As modas vêm e vão o tempo todo. Os objetos de desejo se tornam obsoletos antes que
possamos aproveitá-los. Condições econômicas e sociais treinam as pessoas a perceber o
mundo como um container cheio de objetos descartáveis. Por que gastar tempo com
consertos que requerem trabalho se é mais fácil substituir?

Num mundo cujo futuro é cheio de riscos e perigos, colocar-se objetivos distantes, abandonar
o interesse privado para aumentar o poder do grupo e sacrificar o presente em nome de uma
felicidade futura não parecem ideias atraentes e razoáveis. Não se pode perder as
oportunidades. Pessoas assim raramente diferenciam peças de automóveis de laços humanos.
Assim, a precarização produzida pelos operadores dos mercados de trabalho acaba sendo
apoiada e reforçada pelas políticas de vida. Há uma decomposição dos laços humanos. Esses
são vistos como algo a ser consumido, e não produzido. No mercado, as mercadorias vêm com
um período de teste. O mesmo se dá nos casamentos. É uma questão de se obter satisfação de
um produto para o consumo. Se não for como desejado, substitui-se, divorcia-se.

A suposta transitoriedade das parcerias tende a se tornar uma profecia autocumprida.
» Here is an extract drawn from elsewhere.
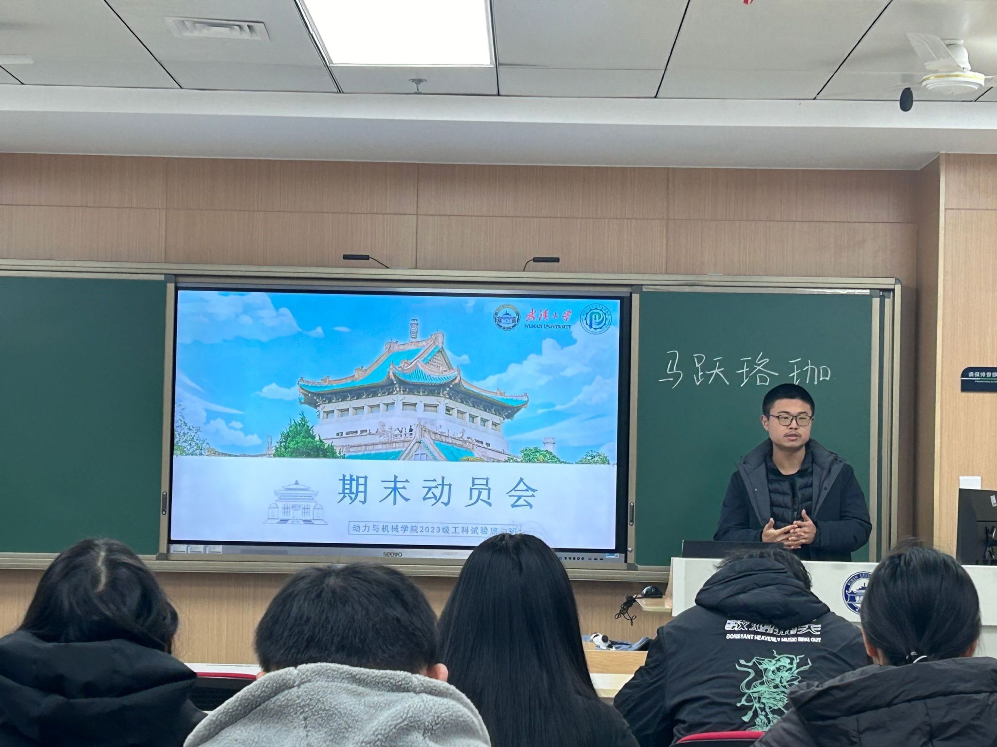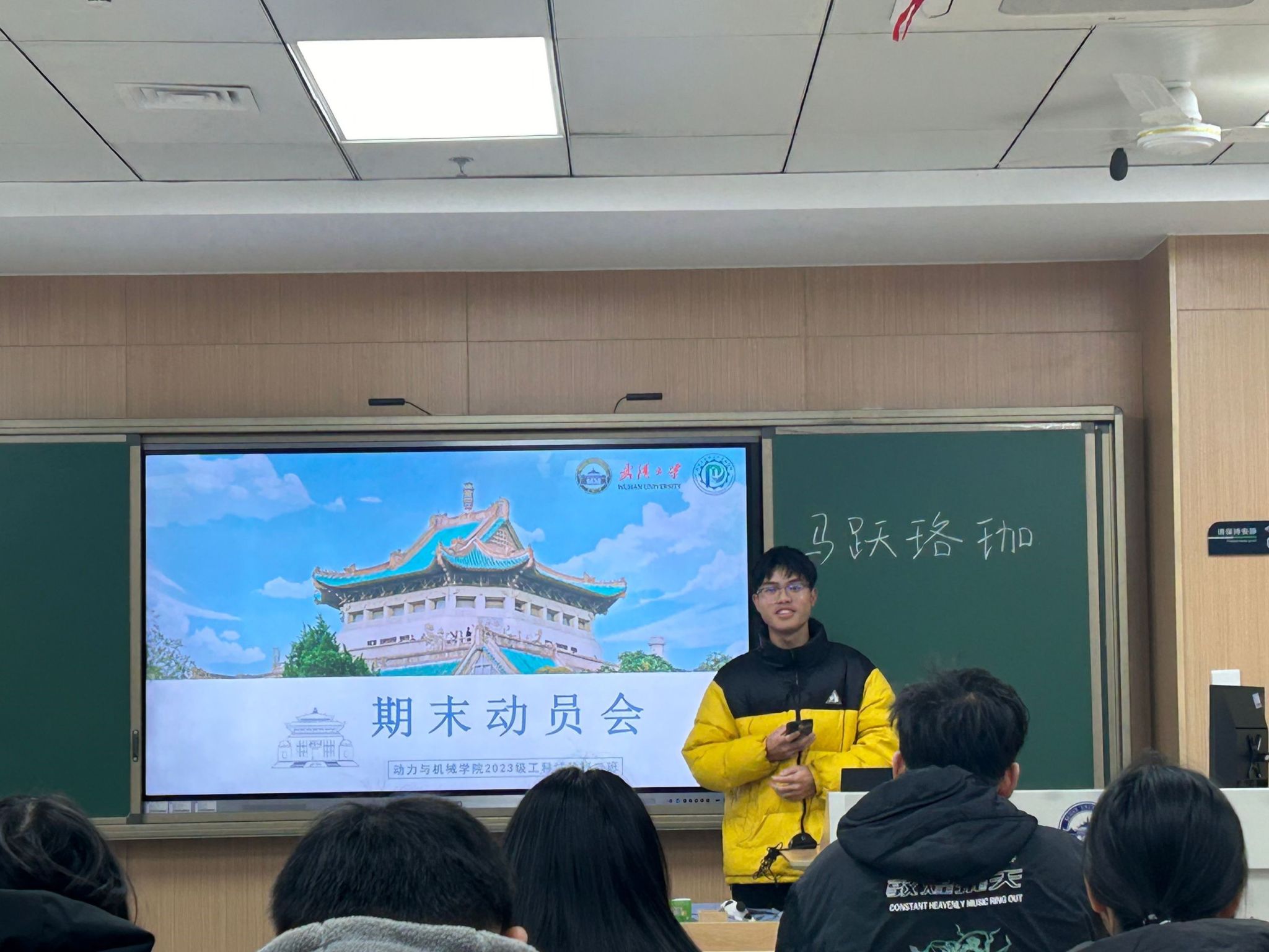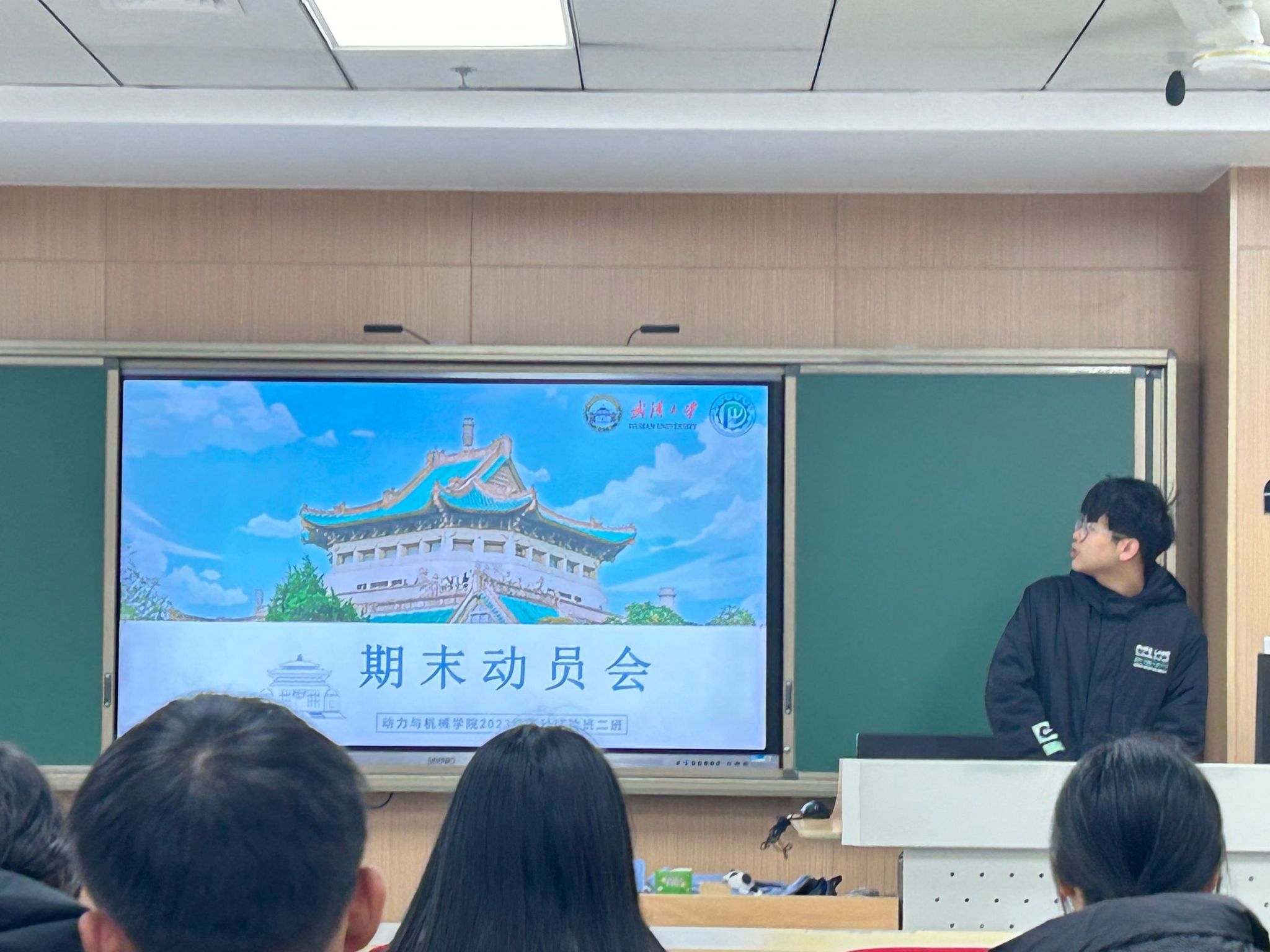 临近期末,为鼓励同学们积极备考,杏吧 2023级动机与机械二班在工学部主教开展期末考试动员会。本次活动由动机与机械二班助理班主任詹家杰主持,班级导师田冲老师出席,班级全体同学参会。

Se o


laço humano não é algo que mereça sacrifício, mas algo que busca a satisfação imediata,
então não faz sentido sofrer com o desconforto e o embaraço para salvar a parceria. Mesmo
um pequeno problema pode causar a ruptura da parceria.

Pessoas inseguras tendem a ser irritáveis e são intolerantes com o que funcione como
obstáculo a seus desejos. Se a satisfação instantânea é a única maneira de sufocar o
sentimento de insegurança, não há razão evidente para ser tolerante em relação a alguma
coisa ou pessoa que não tenha óbvia relevância para a busca da satisfação.

A AUTOPERPETUAÇÃO DA FALTA DE CONFIANÇA

Segundo Alain Peyrefitte, a característica mais importante, e mesmo constitutiva dessa


sociedade era a confiança: Confiança em si, nos outros, e nas instituições. Os três constituintes
são indispensáveis. A moderna construção da ordem é um esforço contínuo de implantar as
fundações institucionais de confiança.

Peyrefitte indica a empresa que gera empregos como o lugar por excelência para a
disseminação e cultivo da confiança. No entanto, não há enfrentamento sem confiança. Se o
empregado luta pelos seus direitos, é porque confia no poder do quadro em que seus direitos
se inseriam. Esse, porém, não é mais o caso. Ninguém espera passar o resto da vida na mesma
empresa. É difícil construir a confiança em organizações que estão sendo desmontadas,
reduzidas e reengenheirizadas.

Presos como estão a seus lugares, impedidos de se mover e detidos no primeiro posto de
fronteira seo fizerem, estão numa posição inferior à do capital, o qual se move livre. O capital é
global, e os trabalhadores, locais. O que quer que ganhem hoje lhes pode ser tirado amanhã
sem aviso prévio. E não estão dispostos a arriscar a luta.